Free-Moving Object Reconstruction and Pose Estimation with Virtual Camera
- URL: http://arxiv.org/abs/2405.05858v2
- Date: Fri, 10 May 2024 15:57:13 GMT
- Title: Free-Moving Object Reconstruction and Pose Estimation with Virtual Camera
- Authors: Haixin Shi, Yinlin Hu, Daniel Koguciuk, Juan-Ting Lin, Mathieu Salzmann, David Ferstl,
- Abstract summary: We propose a method that allows free interaction with the object in front of a moving camera without relying on any prior.
We evaluate our method on the standard HO3D dataset and a collection of egocentric RGB sequences captured with a head-mounted device.
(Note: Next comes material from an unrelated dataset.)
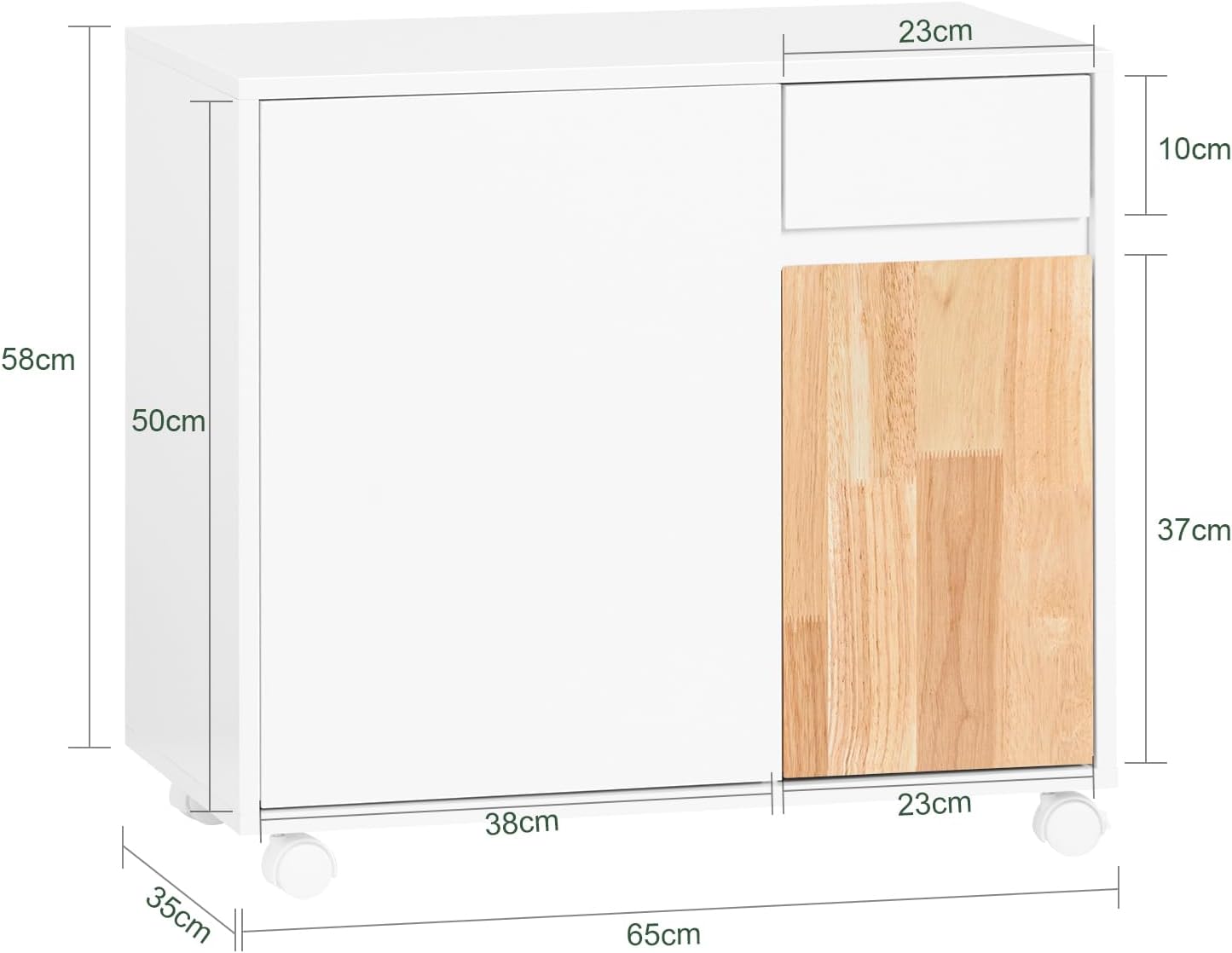 Vognen har en stor bordplade, der er velegnet til en printer eller scanner. Skuffen er perfekt til opbevaring af småting som papirvarer, nøgler og tilbehør. Bag de to skabslåger finder du masser af plads til dokumenter, mapper og bøger. Venstre skab har desuden to separate rum, som maksimerer opbevaringspladsen.

- Score: 48.28267757418792
- License: http://creativecommons.org/licenses/by/4.0/
- Abstract: We propose an approach for reconstructing free-moving object from a monocular RGB video. Most existing methods either assume scene prior, hand pose prior, object category pose prior, or rely on local optimization with multiple sequence segments. We propose a method that allows free interaction with the object in front of a moving camera without relying on any prior, and optimizes the sequence globally without any segments. We progressively optimize the object shape and pose simultaneously based on an implicit neural representation. A key aspect of our method is a virtual camera system that reduces the search space of the optimization significantly. We evaluate our method on the standard HO3D dataset and a collection of egocentric RGB sequences captured with a head-mounted device. We demonstrate that our approach outperforms most methods significantly, and is on par with recent techniques that assume prior information.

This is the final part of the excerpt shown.